Exercise prompt: For the material below, reproduce exactly each line from the one that has "En un mundo" through the one that has "Natural jute rope", and no others; pictures stay out.

Dataset extract:
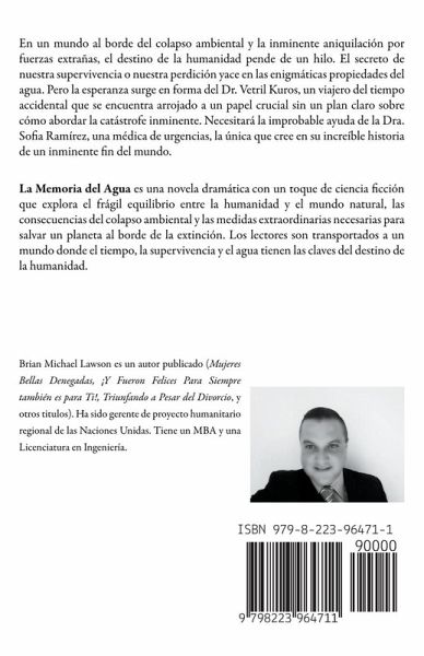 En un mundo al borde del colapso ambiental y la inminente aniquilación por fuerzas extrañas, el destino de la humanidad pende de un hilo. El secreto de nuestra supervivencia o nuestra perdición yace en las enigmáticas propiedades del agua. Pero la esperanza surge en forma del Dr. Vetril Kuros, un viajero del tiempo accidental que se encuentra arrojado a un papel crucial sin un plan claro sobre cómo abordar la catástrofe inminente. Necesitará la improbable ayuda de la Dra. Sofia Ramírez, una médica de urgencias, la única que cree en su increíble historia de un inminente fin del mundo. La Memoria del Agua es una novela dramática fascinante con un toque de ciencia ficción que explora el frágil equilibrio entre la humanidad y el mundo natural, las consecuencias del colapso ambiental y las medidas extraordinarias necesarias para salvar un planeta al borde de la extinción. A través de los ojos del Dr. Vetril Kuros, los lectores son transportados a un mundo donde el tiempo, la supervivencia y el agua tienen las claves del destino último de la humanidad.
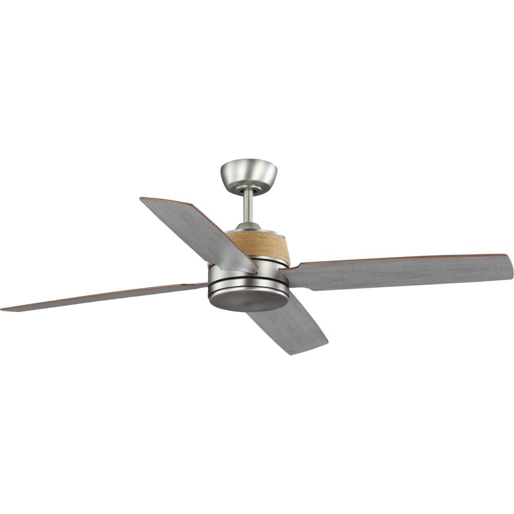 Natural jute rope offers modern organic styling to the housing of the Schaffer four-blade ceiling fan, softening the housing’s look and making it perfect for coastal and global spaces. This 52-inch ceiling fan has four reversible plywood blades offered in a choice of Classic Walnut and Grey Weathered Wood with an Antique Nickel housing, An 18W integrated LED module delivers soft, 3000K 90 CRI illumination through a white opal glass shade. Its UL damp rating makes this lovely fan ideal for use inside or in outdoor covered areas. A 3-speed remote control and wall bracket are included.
==
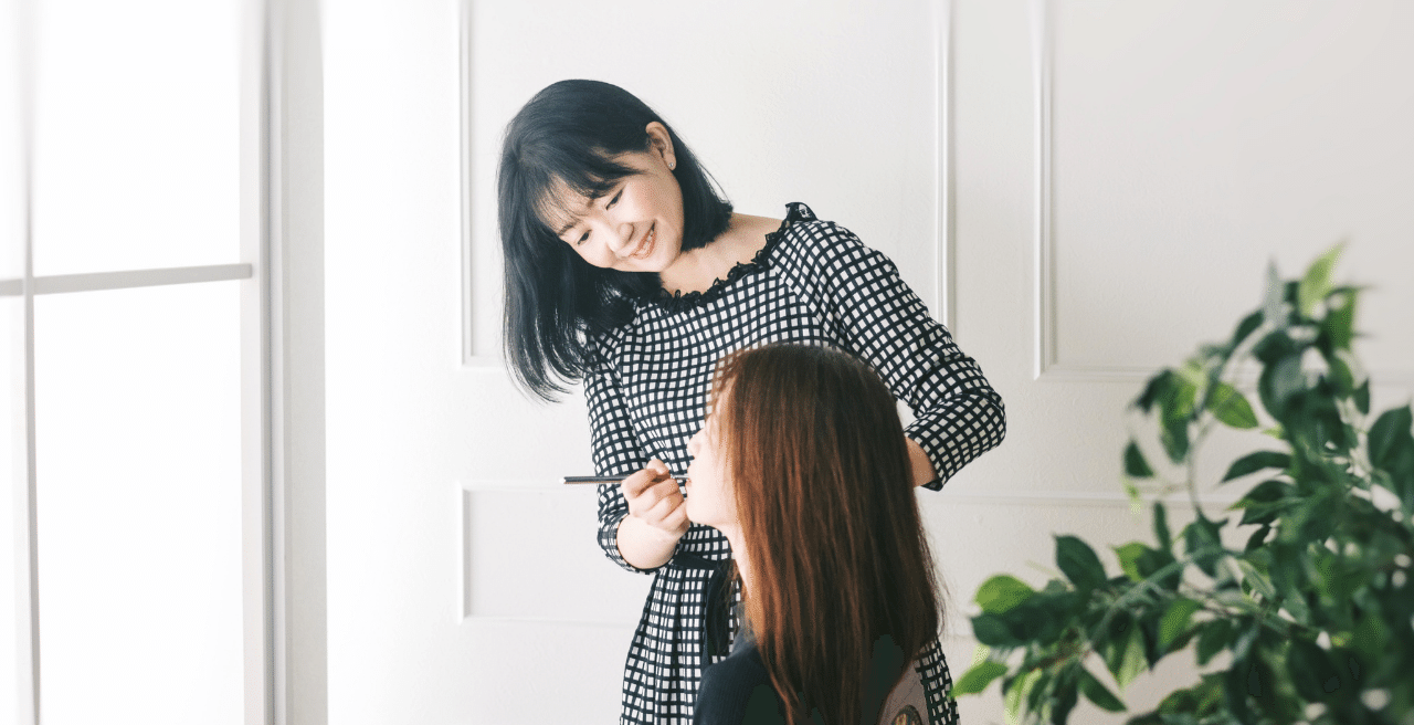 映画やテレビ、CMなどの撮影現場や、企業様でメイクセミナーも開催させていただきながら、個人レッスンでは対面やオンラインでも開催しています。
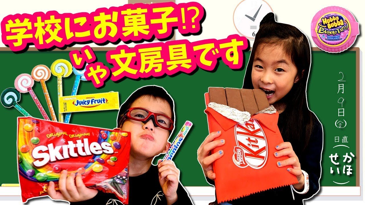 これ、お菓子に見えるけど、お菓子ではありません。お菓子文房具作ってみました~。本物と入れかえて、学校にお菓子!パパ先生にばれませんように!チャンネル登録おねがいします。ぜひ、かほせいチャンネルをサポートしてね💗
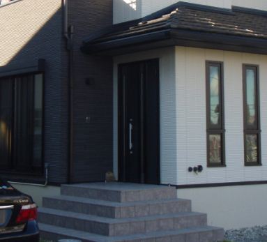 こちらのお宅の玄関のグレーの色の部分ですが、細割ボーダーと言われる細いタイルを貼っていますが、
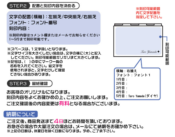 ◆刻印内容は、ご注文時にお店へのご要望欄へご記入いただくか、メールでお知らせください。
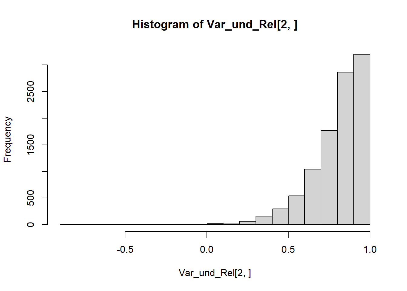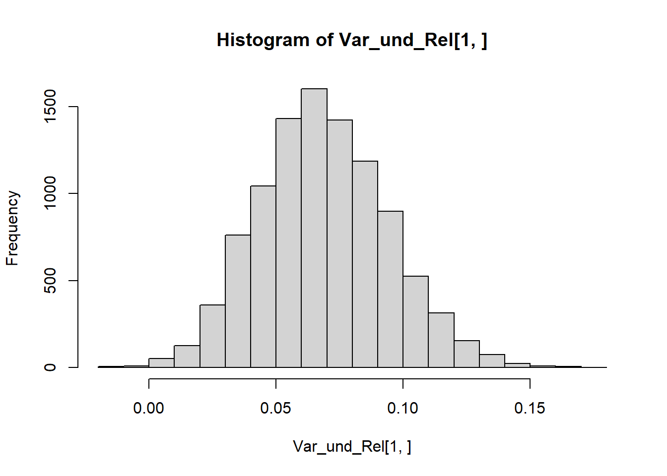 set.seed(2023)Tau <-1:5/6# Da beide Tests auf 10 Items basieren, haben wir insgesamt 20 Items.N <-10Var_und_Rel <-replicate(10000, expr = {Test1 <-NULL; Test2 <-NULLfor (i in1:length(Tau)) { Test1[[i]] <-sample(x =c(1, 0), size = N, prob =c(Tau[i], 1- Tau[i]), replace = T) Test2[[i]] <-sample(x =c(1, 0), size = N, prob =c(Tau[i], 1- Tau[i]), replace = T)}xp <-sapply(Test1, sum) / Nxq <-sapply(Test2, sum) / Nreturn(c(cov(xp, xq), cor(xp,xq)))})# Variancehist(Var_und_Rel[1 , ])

Task answer:
 En un mundo al borde del colapso ambiental y la inminente aniquilación por fuerzas extrañas, el destino de la humanidad pende de un hilo. El secreto de nuestra supervivencia o nuestra perdición yace en las enigmáticas propiedades del agua. Pero la esperanza surge en forma del Dr. Vetril Kuros, un viajero del tiempo accidental que se encuentra arrojado a un papel crucial sin un plan claro sobre cómo abordar la catástrofe inminente. Necesitará la improbable ayuda de la Dra. Sofia Ramírez, una médica de urgencias, la única que cree en su increíble historia de un inminente fin del mundo. La Memoria del Agua es una novela dramática fascinante con un toque de ciencia ficción que explora el frágil equilibrio entre la humanidad y el mundo natural, las consecuencias del colapso ambiental y las medidas extraordinarias necesarias para salvar un planeta al borde de la extinción. A través de los ojos del Dr. Vetril Kuros, los lectores son transportados a un mundo donde el tiempo, la supervivencia y el agua tienen las claves del destino último de la humanidad.
 Natural jute rope offers modern organic styling to the housing of the Schaffer four-blade ceiling fan, softening the housing’s look and making it perfect for coastal and global spaces. This 52-inch ceiling fan has four reversible plywood blades offered in a choice of Classic Walnut and Grey Weathered Wood with an Antique Nickel housing, An 18W integrated LED module delivers soft, 3000K 90 CRI illumination through a white opal glass shade. Its UL damp rating makes this lovely fan ideal for use inside or in outdoor covered areas. A 3-speed remote control and wall bracket are included.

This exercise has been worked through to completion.